Arbogast (died 8 September 394) was a Frankish general in the Roman Empire who, in 392, attempted to start a pagan revival in the empire by installing Eugenius as a puppet emperor. Arbogast was defeated by the army of Theodosius I at the Battle of the Frigidus in 394, after which he committed suicide, while Eugenius was executed.
Biography[]
Flavius Arbogastes was the son of Flavius Bauto, a Roman statesman of Frankish extraction, and he lived in Galatia until his expulsion in the 370s. He entered the Roman Army under Gratian, and he became known as an extremely efficient and loyal field commander of the Roman Empire. In 380, Grantian sent Arbogast to aid Theodosius I against Fritigern's Goths in Macedonia. After Magnus Maximus seized power in 383, Arbogast refused to serve the usurper, instead serving Theodosius. In 388, Maximus was defeated and executed by Theodosius, and Arbogast was promoted to magister militum in 391. He made the young emperor Valentinian II his puppet, and Arbogast - who was in command of all of the Western Roman Empire's armies - answered only to Theodosius himself. In 392, Valentinian ousted Arbogast from his positions, and Arbogast had Valentinian hanged in his sleeping quarters after they had an argument; Arbogast claimed that the cause of death was suicide. Arbogast went on to install Eugenius as puppet emperor, and Arbogast sought to revive Hellenistic paganism in the empire through Eugenius, who appointed pagan senators to key positions in the Empire.

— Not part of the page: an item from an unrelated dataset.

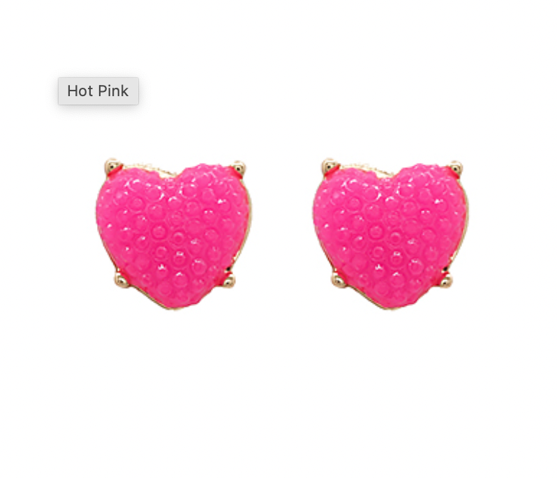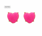 Heart Dome Shape Stud Earrings - Hot Pink

In 393, his campaign to recapture Cologne from the Franks was the last time that the Romans would hold lands to the east of the Rhine River, and he also obtained fresh Frankish recruits as foederati during the campaign. In 394, however, Emperor Theodosius declared a holy war to defeat the pagan restoration in the West, and the two armies met at the Battle of the Frigidus in Slovenia. After the defeat, Arbogast wandered through the Alps hopelessly before committing suicide.